Они поговорили несколько минут и разошлись. Отт пригласил Доихара заехать в посольство. Видимо, они были на короткой ноге.
Когда отошли, Отт сказал:
– Этот человек говорит на тринадцати языках, в Китае он прожил пятнадцать лет…
Рихард выразил удивление, хотя все это отлично знал.
На этом приеме Зорге познакомился также с генералом Итагаки Сейсиро, разведчиком такого же высокого класса, как и Доихара.
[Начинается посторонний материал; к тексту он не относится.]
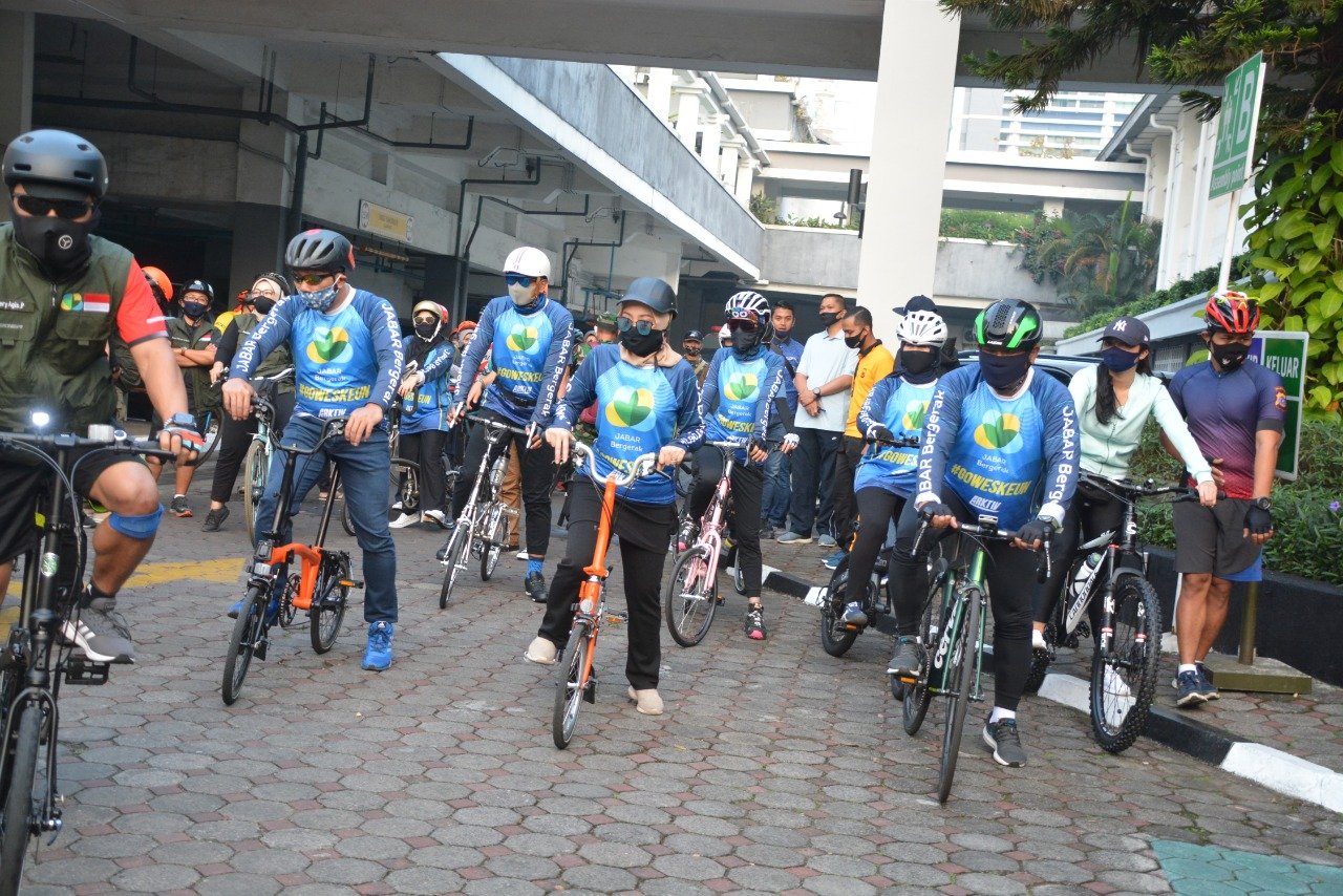 Selain Pangdam III/Siliwangi, Gubernur Jabar dan Kapolda Jabar, turut juga para Asisten Kasdam III/Siliwangi dan pejabat utama Polda Jabar serta komunitas gowes Kota Bandung yang diikuti lebih kurang 100 peserta, dengan mengambil start dan finish di Hotel Grand Preanger, Minggu (9/8/2020).

Если бы они знали, кого привел к ним в академию германский военный атташе полковник Отт!
Итагаки работал начальником штаба Квантунской армии и вместе с командующим Сигеру Хондзио прилетел в Токио, приурочив свою поездку к выпускному вечеру в академии генерального штаба. Существовал неписаный закон, по которому все воспитанники академии, пусть они закончили ее хоть сорок лет назад, раз в год собирались в ее стенах, а потом отправлялись в ресторан Акабано на Кодзимати, где в молодости офицеры проводили свободное время.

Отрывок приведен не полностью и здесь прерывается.